Submitting a Job via the Web UI

  1. Go to your cluster’s Job tab → Submit Job.
  2. Set Job type to PySpark.
  3. Set Main Python file to the GCS path of your script (e.g., gs://<bucket>/scripts/my_script.py).
  4. Add Arguments (e.g., --input_green=gs://..., --output=gs://...).
  5. Click Submit.

Important: Your script must not set master(). Dataproc manages the connection automatically.
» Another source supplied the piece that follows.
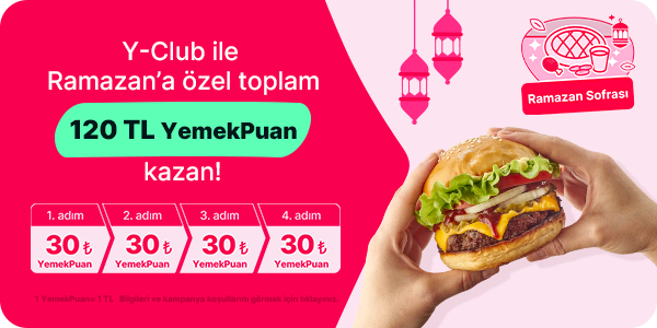 | Ramazan Sofrası Görevi için son hafta! | Toplam 120 TL YemekPuan ödüllü Ramazan Sofrası görevi 1 hafta sonra sona eriyor! Hemen katıl göreve katıl, saat 18:00 ile 06:00 saatleri arasında vereceğin 4 iftar veya sahur siparişinle her adımda 30, toplam 120 TL YemekPuan kazan! Yeni Ramazan sürprizleri için Y-Club'ı takipte kalmayı unutma! | | HEMEN KATIL! | |

Submitting a Job via gcloud CLI

First, grant your service account the Dataproc Administrator role in IAM. Then:

1
2
3
4
5
6
7
8
gcloud dataproc jobs submit pyspark \
    --cluster=<your-cluster-name> \
    --region=<your-region> \
    gs://<bucket>/scripts/my_script.py \
    -- \
        --input_green=gs://<bucket>/pq/green/2020/*/ \
        --input_yellow=gs://<bucket>/pq/yellow/2020/*/ \
        --output=gs://<bucket>/report-2020
Method Best For
Web UI Quick ad-hoc testing and debugging.
gcloud CLI Automation, CI/CD pipelines, and orchestration tools.

Summary: The Full Journey

Over these five posts, we’ve covered the complete batch processing workflow:

  1. Fundamentals — batch vs streaming, job types, orchestration.
  2. PySpark Basics — sessions, DataFrames, partitions, transformations.
  3. Spark SQL — combining datasets, temporary tables, SQL queries.
  4. Spark Internals — clusters, shuffles, joins, RDDs.
  5. Cloud Deployment — GCS, standalone clusters, Dataproc.

From here, you have the foundation to build production-grade Spark pipelines — whether running locally for development or on managed cloud infrastructure for production workloads.